The mission church literature seems to be dominated by idealized conceptions of the benefits of equipping congregations to participate in local mission work. This investigation challenges this idealism, by paying critical attention to congregants' ordinary theologies that develop in reaction to the communication of Missio Dei theology to them. Their voices are absent from the formal literature. The study employs rescripting methodology to modify key assumptions made in the formal ecclesiological literature by drawing on insights that come from Christians' ordinary theological voices.
The study traces how the introduction of a Missio Dei theology to a British Reformed congregation had a significant impact on them. A small team of Christian leaders communicated Missio Dei theology to this church over a period of six years. It found that mission changes came at substantial personal cost to the church's members: 1) a schism occurred when congregants attempted to remove the leader responsible for these changes from his office as church pastor, and a third of congregants left the church because they did not want to embrace the church's new mission identity; 2) three divergent groups then emerged--two of them wanted different kinds of churches that seemed incompatible; 3) two thirds of members supported and participated in the church's mission activities, which put strains on some of their families; 4) unresolved tensions continued to impact the congregation throughout the whole change process; 5) unexpectedly, for a Reformed church, a third group made up of women developed prophetic practices that arose due to the mediation of Missio Dei theology. Vitally, this thesis challenges the notion that helping churches to become mission-focused will make them thrive.

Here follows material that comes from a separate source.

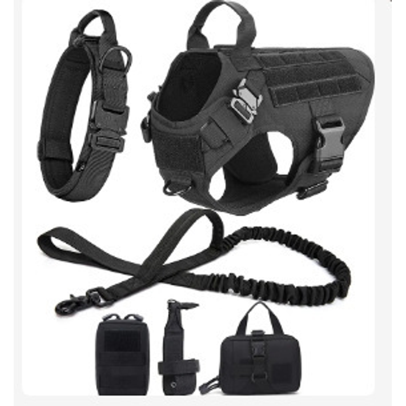 Outdoor Multifunctional Water Bottle Pouch Vest Dog Clothes Suit Black Four Piece Set S

Andrew Hardy has been involved in planting missional churches and developing missional leaders for about thirty years. He has had extensive experience in leading churches, as well as having been the chair of the National Leadership Team of a UK-based Christian denomination. He has spent the last fourteen years in designing and offering degree-level missional leadership programs for a UK-based mission college. He currently works as Director of Research for ForMission College. He has also been extensively involved in mentoring missional church leaders and doing consultancy work in the field of missional education and missional church change management processes.